Hypothesis tests for the question of whether a risk factor effect differs across levels of each individual disease marker of which the disease subtypes are comprised can be conducted separately for each combination of risk factor \(p\) and disease marker \(k\) using a Wald test of the hypothesis

\[H_{0_{{\gamma_{pk}}}}: \gamma_{pk} = 0.\] Using the `subtype_data`

simulated dataset, we can examine the influence of risk factors `x1`

, `x2`

, and `x3`

on the two individual disease markers `marker1`

and `marker2`

. These two binary disease markers will be cross-classified to form four disease subtypes that will be used as the outcome in the polytomous logistic regression model to obtain the \(\hat{\boldsymbol{\beta}}\) estimates, which are then transformed in order to obtain estimates and hypothesis tests related to the individual disease markers.

```
library(riskclustr)
mod2 <- eh_test_marker(
markers = list("marker1", "marker2"),
factors = list("x1", "x2", "x3"),
case = "case",
data = subtype_data)
```

See the function documentation for details of function arguments.

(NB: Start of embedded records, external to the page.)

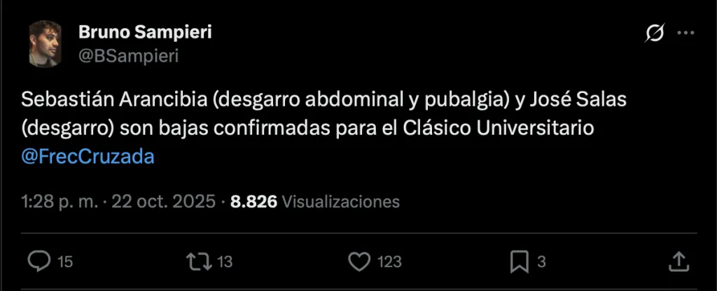 A las bajas de Clemente Montes por acumulación de tarjetas amarillas, y el argentino Fernando Zuqui recuperándose de su grave lesión de rodilla, el periodista Bruno Sampieri dio a conocer que Católica suma dos nuevas bajas, ambas por problemas musculares.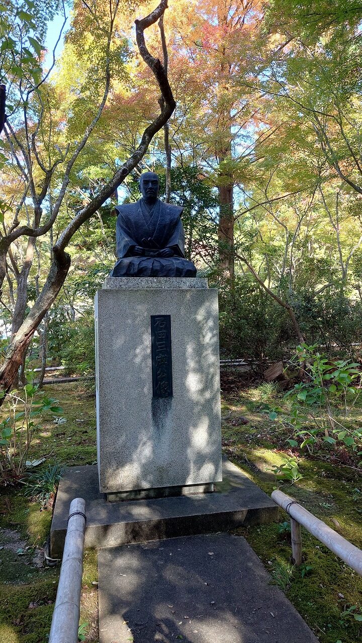 「がもう坂峠」から「龍潭寺」に向けて下りていくと境内に悲運の名将とも言われた・・?「石田三成像」がありました。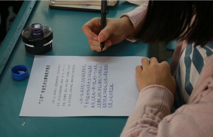 笔尖墨舞动,刚劲字飞扬。钢笔字是同学们接触最多,了解最深的。“反复地一浮一沉,对于一个人来说,正是磨练。”在极富哲理的语句中,同学们细心的抄写,是对人生哲理最好的解答。在抄写之前,许多同学细心地在草稿纸上预写了好几遍,他们的认真和专注淋漓尽致的展现出了化材人的专注性格。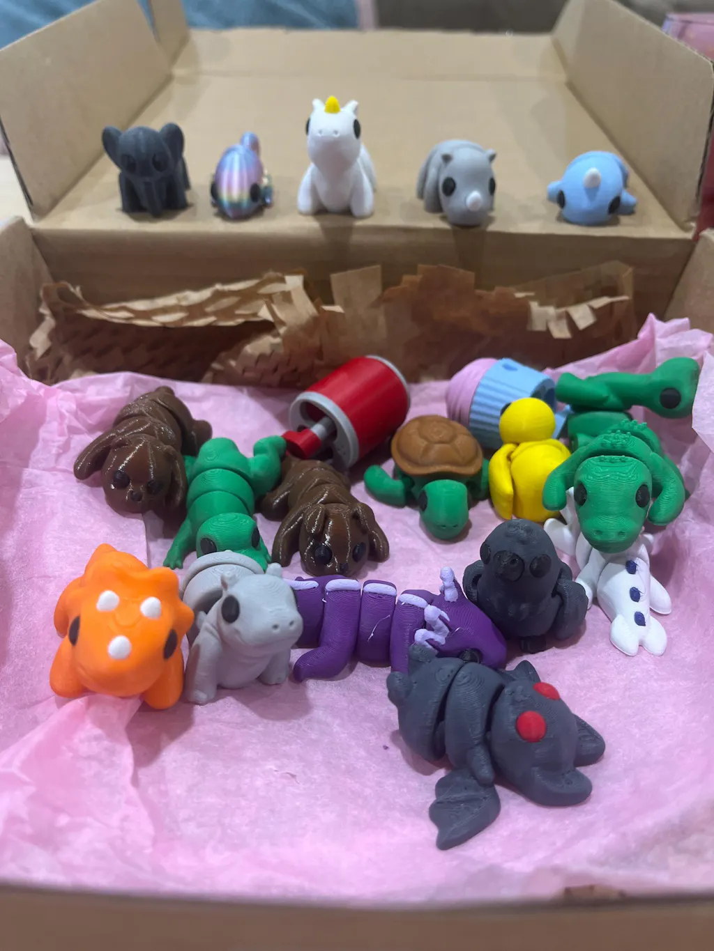 Unbox endless fun with our 3D-Printed Articulated Fidget Toy Bundle! Each pack includes 20 micro-sized Pocket Pal fidget toys in a mix of animals, food, and seasonal designs—perfect for sensory play or collecting. Made from non-toxic, eco-friendly PLA plastic, these flexible toys are both safe and sustainable.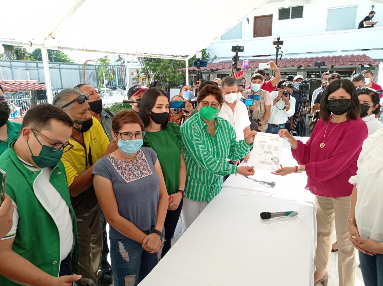 Chetumal.- Yohanet Torres Muñoz, ex secretaria de Finanzas y Planeación del Gobierno del Estado fue inscrita hoy por el Partido Verde Ecologista de México en la primera posición de sus candidatos a diputados por vía plurinominal.

The resulting estimates \(\hat{\boldsymbol{\gamma}}\) can be accessed with

marker1 | marker2 | |
---|---|---|

x1 | -1.0145081 | -0.4323157 |

x2 | -0.0066840 | 0.0749338 |

x3 | 0.8899905 | -0.1306765 |

the associated standard deviation estimates \(\sqrt{\widehat{var}(\hat{\boldsymbol{\gamma}})}\) with

marker1 | marker2 | |
---|---|---|

x1 | 0.0681025 | 0.0601803 |

x2 | 0.0631465 | 0.0588423 |

x3 | 0.1450606 | 0.1348479 |

and the associated p-values with

marker1 | marker2 | |
---|---|---|

x1 | 0.0000000 | 0.0000000 |

x2 | 0.9157016 | 0.2028521 |

x3 | 0.0000000 | 0.3325126 |

An overall formatted dataframe containing the \(\hat{\boldsymbol{\gamma}} \Big(\sqrt{\widehat{var}(\hat{\boldsymbol{\gamma}})}\Big)\) and p-values to test the null hypotheses \(H_{0_{\gamma_{pk}}}\) can be obtained as

marker1 est | marker1 pval | marker2 est | marker2 pval | |
---|---|---|---|---|

x1 | -1.01 (0.07) | <.001 | -0.43 (0.06) | <.001 |

x2 | -0.01 (0.06) | 0.916 | 0.07 (0.06) | 0.203 |

x3 | 0.89 (0.15) | <.001 | -0.13 (0.13) | 0.333 |

The estimates and heterogeneity p-values for disease subtypes formed by cross-classifying these individual disease markers can also be accessed in objects `beta_se_p`

and `or_ci_p`

, as described in the section on Pre-specified subtypes.